13.02.36 г. 15 ч. 19 мин.

   Последним на конспиративную квартиру явился Виктор. Взглянул вопросительно на собравшихся компаньонов, но они знали не больше. Радио об инциденте с Маршалом Советского Союза молчало, а других, более оперативных, нежели газеты, каналов информации в 1936 году еще не существовало.

   – Ну и что скажете? – спросил Федорчук, выпив залпом полстакана коньяка и закурив сигарету. И только сейчас заметил, что "Баст фон Шаунбург" выглядит не слишком здоровым.

   – Не знаю, как там с маршалом, – а вот нас всех, дамы,

– несколько секунд Олег смотрел на Ольгу совершенно больными глазами

, – и господа, -

продолжил, переведя взгляд сначала на Степана, а потом и на Виктора.

– Нас следует принудительно лечить от дурости, вот что я вам скажу.
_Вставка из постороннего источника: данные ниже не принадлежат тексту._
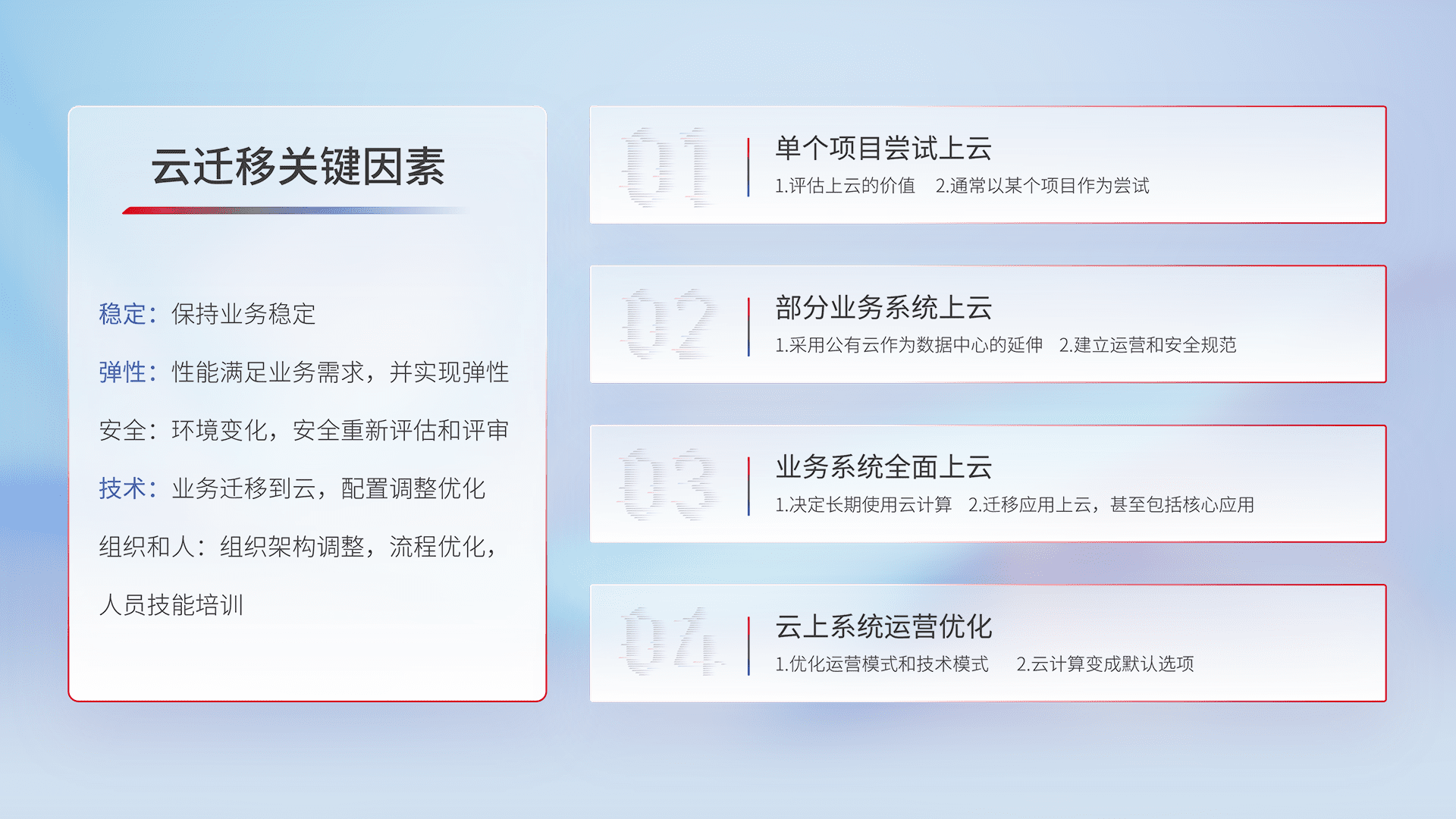 结合实际业务,,,从规划设计、、云平台选型、、云原生改造、、、数据迁移、、集成交付,,,迁移全过程为客户识别最佳上云路径,,,,做好风险识别管理,,设计网络架构、、、身份权限、、、、安全审计合规、、、、操作审计、、日志审计、、、监控告警策略、、、多站点容灾设计等,,,,对云上基础设施进行整体规划,,提升IT治理水平,,,以满足弹性、、、高可用、、、、高性能的需求。。。

   И он был прав, потому что, вспомнив, что и как происходило всего несколько часов назад на улице Rue Maitre Albert, назвать их план иначе, как сильно извращённой попыткой коллективного суицида, Виктор не мог. Однако сделанного не воротишь, не так ли? Так. И слава богу, что "суицид" не удался. И не важно теперь "кто виноват" в спасении их дурных голов и задниц, промысел ли божий, случай ли, статистическая ошибка, гм... или собственное мужество, – все они были живы – и это главное.

   Из газет:

Страшные находки парижской полиции. В одной из квартир дома N** по улице *** обнаружены следы пыток (кровь, зловещие инструменты), а так же документы и личные вещи, включая нижнее белье исчезнувшего несколько дней назад сотрудника русской эмигрантской газеты «Часовой» Дмитрия Вощинина. Тело Вощинина пока не обнаружено. Предполагаемый владелец квартиры по данным полиции может быть сотрудником германских секретных служб...

Как сообщают наши московские корреспонденты. В СССР объявлен траур по случаю безвременной кончины от рук фашистских бандитов, первого заместителя Народного Комиссара Обороны, Маршала Советского Союза Михаила Тухачевского... Найденные на месте взрыва останки... будут захоронены у Кремлёвской стены...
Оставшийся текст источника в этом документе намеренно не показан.